Astri Nur Faizah, Daisuke Kobayashi, Faustus Akankperiwen Azerigyik, Ryo Matsumura, Izumi Kai, Yoshihide Maekawa, Yukiko Higa, Kentaro Itokawa, Toshinori Sasaki, Kris Cahyo Mulyatno, Sri Subekti, Maria Inge Lusida, Etik Ainun Rohmah, Yasuko Mori, Yusuf Ozbel, Chizu Sanjoba, Tran Vu Phong, Tran Cong Tu, Shinji Kasai, Kyoko Sawabe and Haruhiko Isawa

Emerging Microbes & Infections (EMI), 14(1)

2022年、オーストラリアで突如として日本脳炎ウイルス(JEV)遺伝子型IV型(GIV)のアウトブレイクが発生した。

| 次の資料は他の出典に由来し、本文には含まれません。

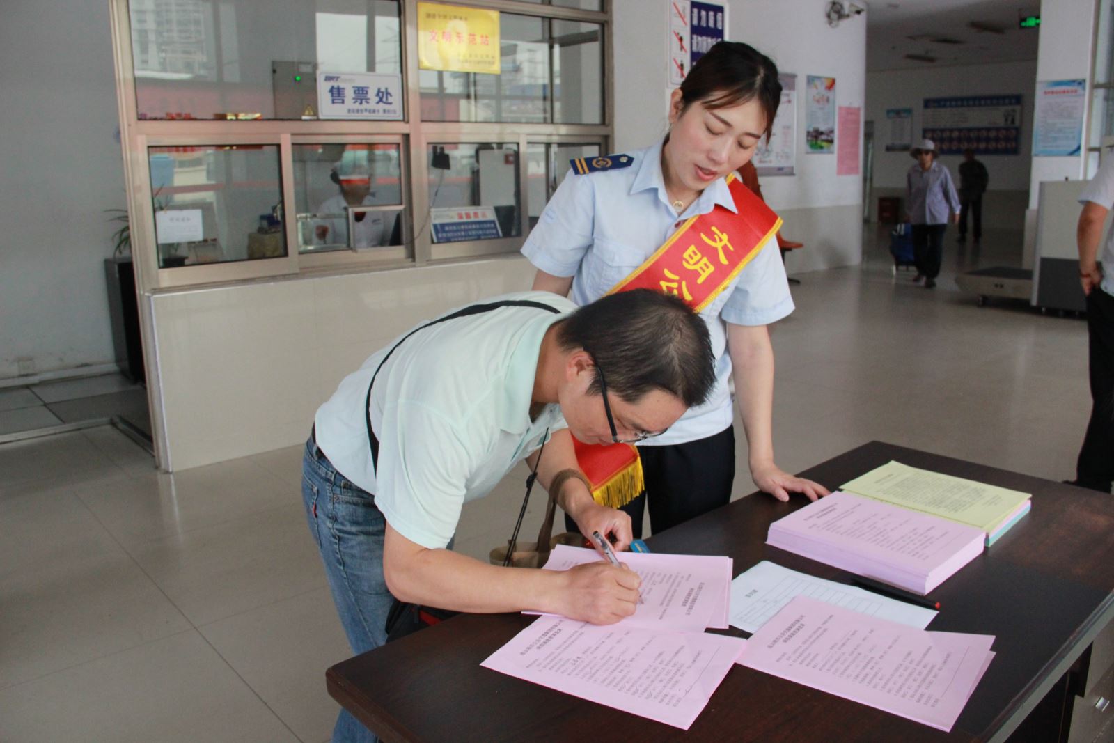 按照活動安排,9月17日上午,公交集團組織開展了2018年公交出行宣傳周集中宣傳活動,在海州客運站、步行東街、購物中心南三處主要客流集散地設立了公交宣傳咨詢點,現場懸掛活動主題橫幅,安排至少4名工作人員現場向市民群眾發放公交出行宣傳周倡議書,以調查問卷形式與市民進行現場互動,征求市民建議和意見,引導社會群眾支持和參與城市公共交通發展。
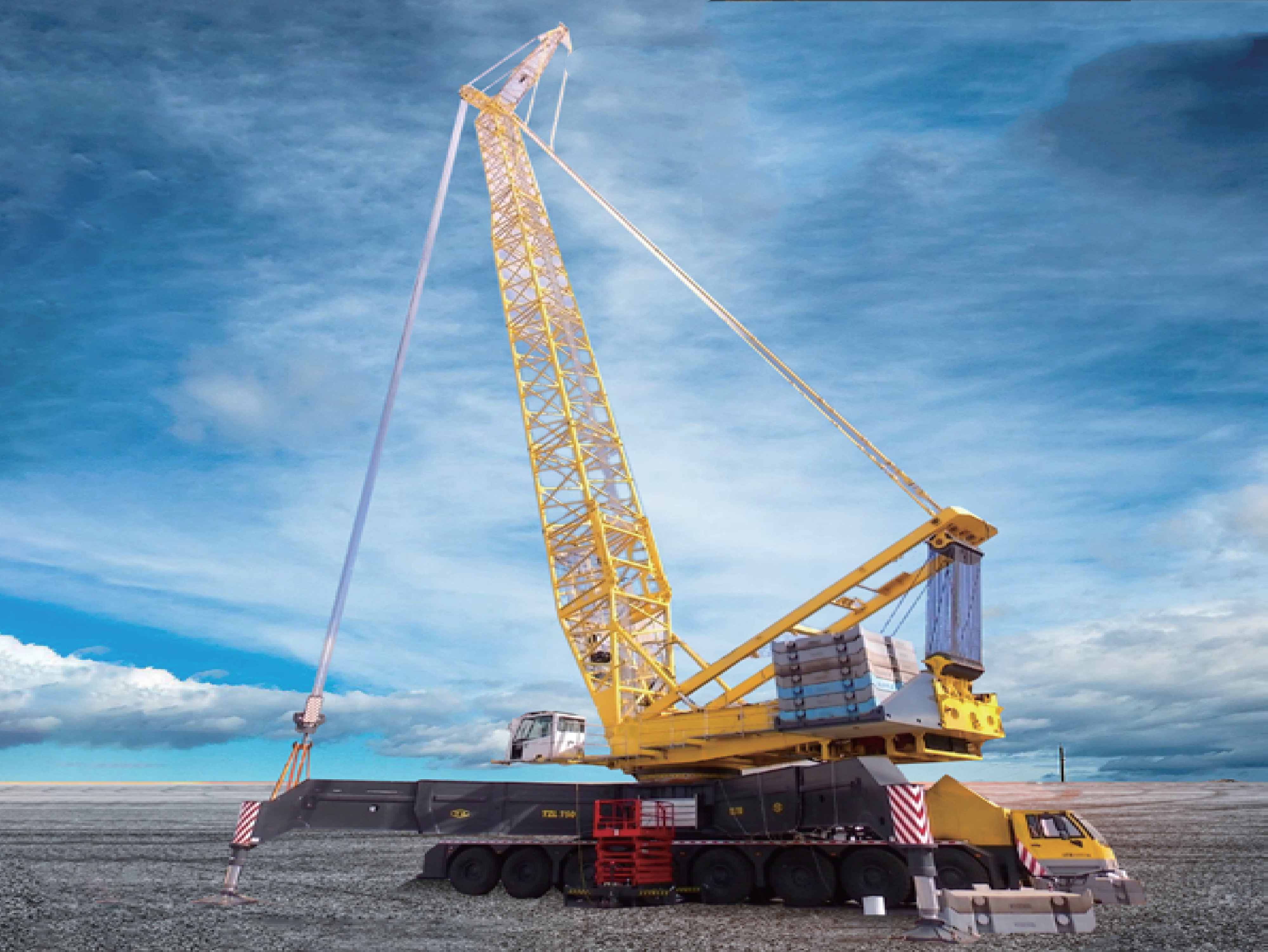 公司自主研发制造的全地面桁架臂起重机,结合全地面底盘快速转场和履带起重机超强吊装能力两种优势,特别适用于风电吊装作业,并可拓展全工况。产品规格为500t∼750t,主打产品为TZL750机型。

JEV GIVはこれまでインドネシアからのみ報告されていたマイナーな遺伝子型であったため、その媒介蚊を含めたウイルス性状に関する情報は限られてきた。そこで私たちは、独自に分離したJEV GIV株を用いて、ウイルス媒介蚊種の調査を行った。その結果、日本産の蚊種(コガタアカイエカ、ヒトスジシマカ)に加え、JEVの非流行地であるベトナム(ネッタイイエカ)やトルコ(チカイエカ)由来の蚊においても、JEV GIVの媒介性が確認された。このことから、本遺伝子型のJEVが、非流行地に持ち込まれた場合であっても、それらの地域に分布する様々な蚊種が流行を担う可能性があることが示唆された。

本研究は、AMEDやJICAの支援を受け、東大・神戸大、およびインドネシア・ベトナム・トルコ各国の研究機関との国際共同研究として実施されました。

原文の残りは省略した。